A entrada justifica-se em duas condições alternativas. Primeira: preço na zona de 9 a 12 dólares, perto de 8 a 10 euros, onde a Margem de Segurança de cerca de 50 por cento que o perfil de situação especial exige se repõe. Segunda: a confirmação da execução — o fecho e a rampa da Serra Verde e ordens firmes em Stillwater —, que subiria o valor justo base e reduziria o haircut de execução, justificando uma reavaliação.
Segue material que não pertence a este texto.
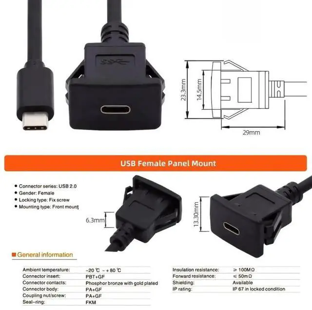 USB C Waterproof Cable, USB 3.1 Type C Male to Female Extension Data Power Waterproof Dustproof Cable for Car Panel Mount Design
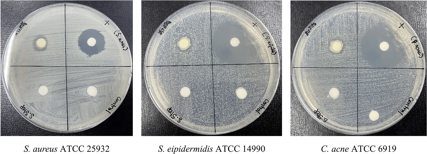 Using the disc diffusion method, antimicrobial activity was evaluated against S. aureus, S. epidermidis, and C. acnes. Cream without extract served as a negative control.
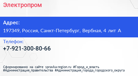 Электропром по адресу 197349, Россия, Санкт-Петербург, Вербная, 4 лит А в дальнейшем Организация, размещена в следующих категориях:
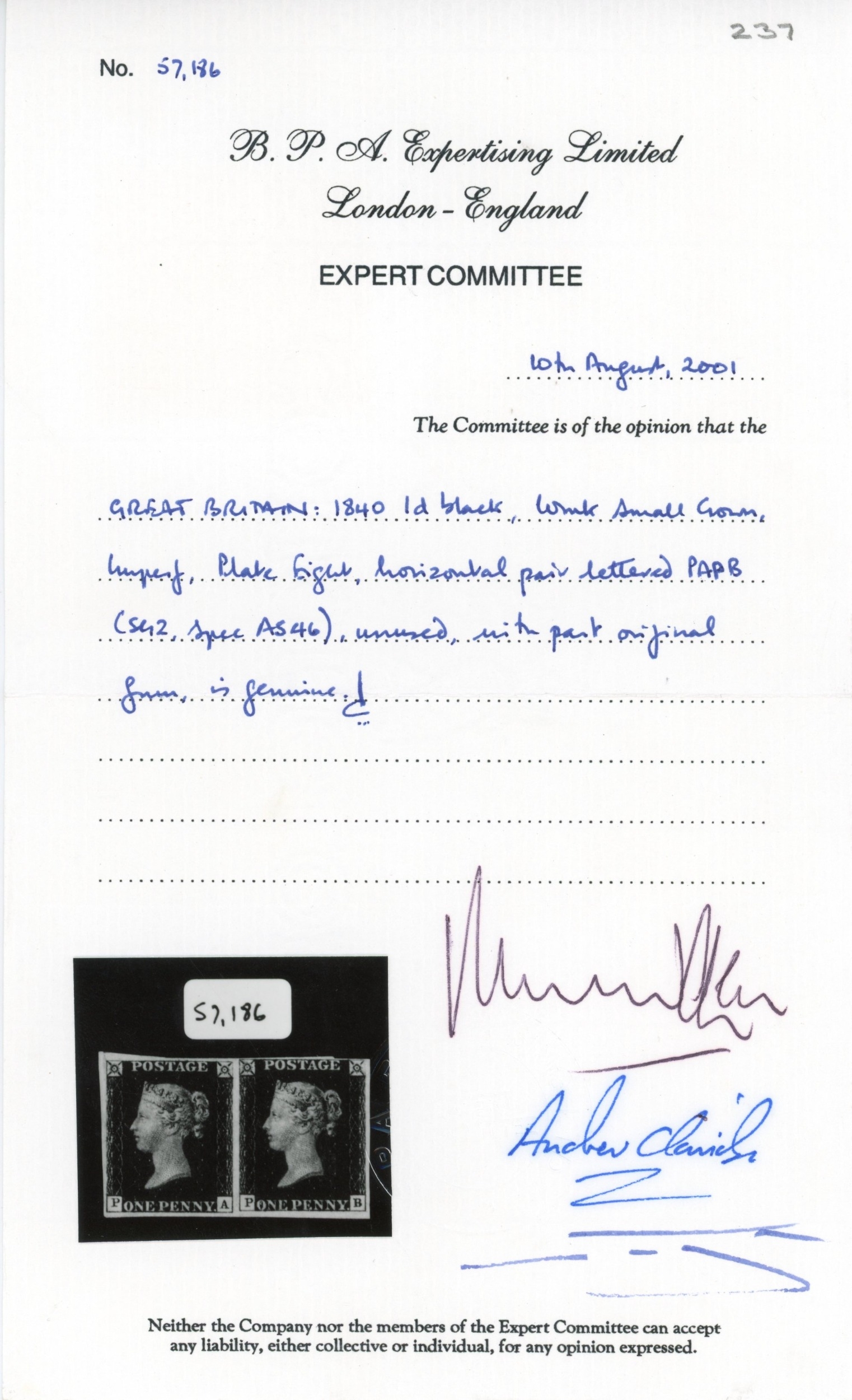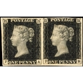 Great Britain SG2 1d Black Pl.8 mint pair
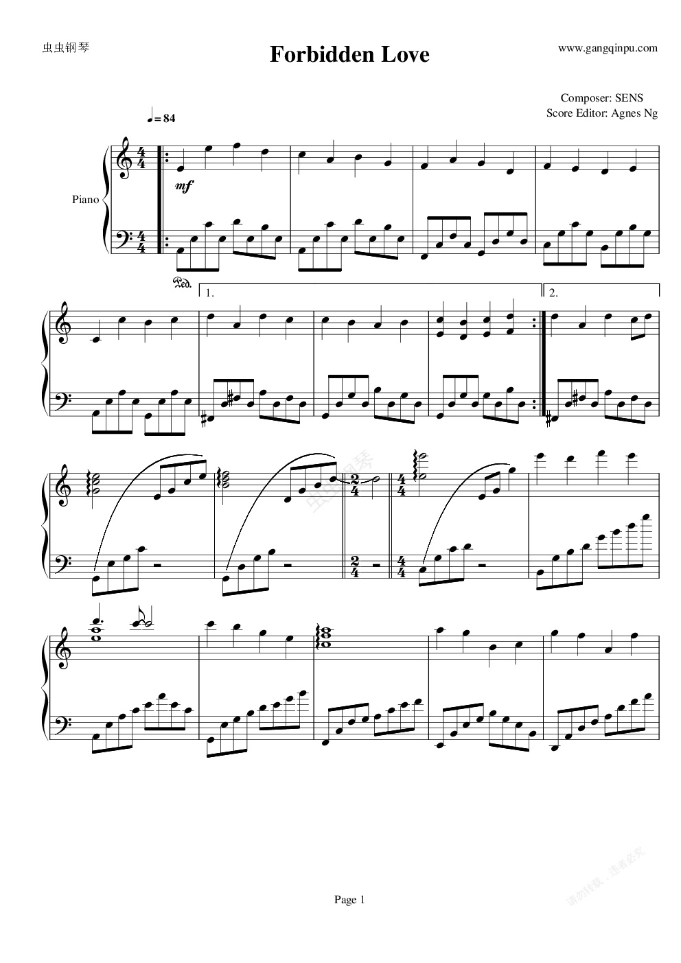 钢琴谱:Forbidden Love

Ao preço de mercado, o dimensionamento adequado seria reduzido, na ordem de um e meio a dois e meio por cento, dado o perfil binário; a liquidez é elevada e não constrange — é a cauda, não a liquidez, que recomenda contenção.
A zona de aterragem mais provável situa-se perto de 5,9 euros no cenário adverso, 14,7 euros no cenário base e 26 euros no optimista, a três anos, com o valor ponderado perto de 13,5 euros — abaixo do preço actual de cerca de 19,8 euros. Os critérios de invalidação são explícitos: a Serra Verde a cair ou a ramp-ar abaixo de 300 milhões de EBITDA; Stillwater sem ordens firmes até ao final de 2027; a China a relaxar os controlos e a comprimir o prémio; ou diluição adicional acima de 10 por cento além da Serra Verde. A análise não rejeita o activo — reconhece-o como estrategicamente importante — mas subordina a entrada material a um preço que ofereça a Margem de Segurança que o perfil exige, ou à prova de que a execução começou a converter-se em fluxos. É um activo que se quer ter ao preço certo, e o preço certo não é o de hoje.